Free Ride

Soundtrack TBD up here. Not feeling anything in particular at the moment. Actually, in the spirit of “the only way to write is to just write”, I’m going to pass on the soundtrack entirely. I’ve already spent/wasted quite a few of my precious minutes on installing a vim emulator. I definitely have phases with vim - it’s everywhere, so sometimes I just get really into it and start figuring the whole thing out again. On the other hand, it has one job, and that job is to edit text. I know it can do that, but whyyyy does it have to do all these other things to? Oh well, down the vimtutor hole again.

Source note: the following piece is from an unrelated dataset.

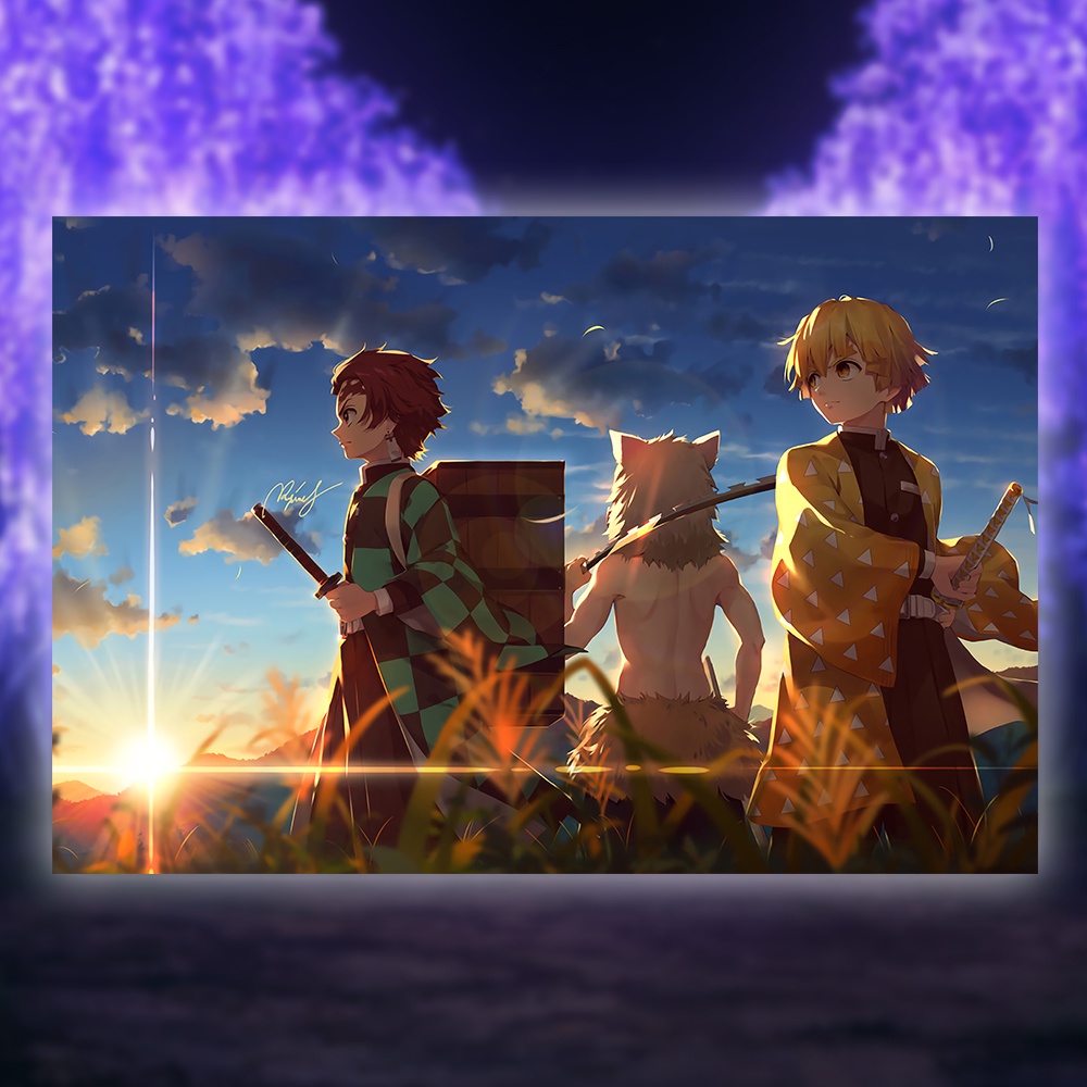 Poster Anime Wallpaper Demon Slayer / Kimetsu no Yaiba Horizontal 3 - SIZE A5 / A4 / A3 ( BEBAS CUSTOM )

This weekend was the first weekend I took my bike out and really just rode around. It was an exhilirating feeling that I definitely missed. Bikes are the perfect speed and acceleration for me. Faster than walking, but I don’t feel sketched out like I do driving in some cars. That’s likely just due to hating being in the city traffice all the time. Even though I only see it from the backseat of a bus/ride-share, it really is quite … off putting, I guess. I just don’t like it, I don’t know, I’m in search of better words here1. The other aspect is acceleration. My walking speed is pretty limited - there’s a very small window that’s comfortable to walk in. As a result, that rate must be maintained, so no changes. Biking, on the other hand, really lets get me fall down the hills and work my way back up them. Is a straightaway too fast? Drift on down effortlessly. Too slow? Usually pretty easy to get back up to the next speed.

I need to make a list of things that I want to see in SF, and then try and find bike routes to them. Currently I have a couple places selected, but they generally involving going over a small mountain or major hill. Not too appealing on the bike. This weekend I biked out to Golden Gate Park. The sun was shining on down, and I was contentedly reading a flower park. It was probably the first time in quite awhile that I felt like I really got California. Here it is, first week of February, and I’m out there in jeans and a tshirt lying down a green lawn. How can anyone ever go back to something as cold and brutal as MA or IL after that? I have no idea.

Since I was just biking around the city on a weekend, there wasn’t too much traffic. The bikelanes feel absolutely huge in that case, and I felt surprisingly safe. What took me so long to do this? Well, I got the bike, then I basically was out for a month between the holidays and getting sick. After that, for some bizarre reason, the light tricked me into thinking my back tire had a flat. I have no idea what was going on there, other than the fact I was convinced I had a flat. Queue a week waiting to get the Amazon tools I needed. Queue another week to find time to go buy a bike tire from the shop. Queue a week to find I didn’t actually need to replace the tire and it was fine all along. Ugh, take a week off, you’re so dumb. Super bowl time, there goes a weekend, oh well. No more excuses this weekend - we’re going. So glad I did. But where to next?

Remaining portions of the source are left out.